Not sure what rubbed you the wrong way, these are just questions I have as I read about this topic for the first time, trying to understand the controversy here. I'm not going to have reams of citations for you. If you have citations to throw at me feel free, but from what I can see, reliable medical bodies consider this to be a misdiagnosis at best.
Dna testing is available but has similar problems in that there's no standard to set a cutoff for limiting the number of false positives or false negatives. It's also even more expensive and very unlikely to be covered by insurance.
You can have hundreds of cancerous tumors in your body, each of which is far too small to biopsy. The same is roughly true for borreliosis. You are not making a cogent point here.
People have cancerous mutations all the time, yet those aren't the cancers that kill us. Cancers people die from tend to have grown, to a size you can detect. When someone suffers from life threatening cancer-like symptoms, it's not literally impossible to find whether they actually have it. This seems to be the case for chronic lyme, where the medical consensus is that there is "no reproducible or convincing scientific evidence of any relationship to Borrelia burgdorferi".
Note that this is most likely a population map. That's why Western Mass, Adirondacks, and north of Bar Harbor are nearly void. Each dot represents "patient’s county of residence."
It is very common for most practitioners to be ignorant of: HLA DR gene types (can accumulate metals, mycotoxins, lyme toxins, etc), the nature of the Lyme bacteria strains: spirochtte (reproductive, doxycycline susceptible), round bound starvation form (resistant to most antiobiotics), and the nature of biofilm colonies (antibiotic resistant) that exist in nature and our bodies. Furthermore, most physicians do not know what labs and tests to apply to a patient: Igenex and Galaxy labs for Lyme, Bartonella, Babesia, etc testing; c3a, c4a, tgf-b1, mmp-9, inflammation markers.

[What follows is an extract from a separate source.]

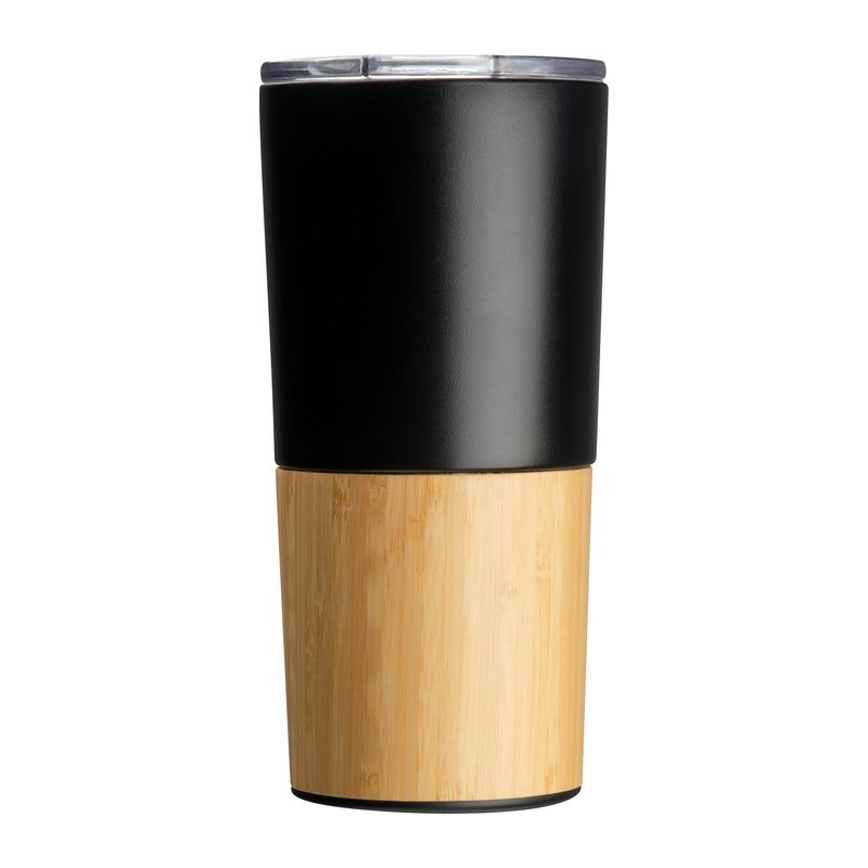 Stylish thermo mug (double-walled, vacuum) in a mix of materials, stainless steel and bamboo. Capacity 500 ml.

In short, each human phenotype, genetic expression, and immune context are all highly unique ... which means that every case is different. Inflammation from our immune response is the primary driver of symptoms and is very, very often mis-diagnosed as something else like MS or dementia (happened to a number of people I know). We need a lot more data to finally help educate physicians and bring the vast majority them out of the stone age. We need to educate everyone on complex systems, nutrition, and biology instead of just authority.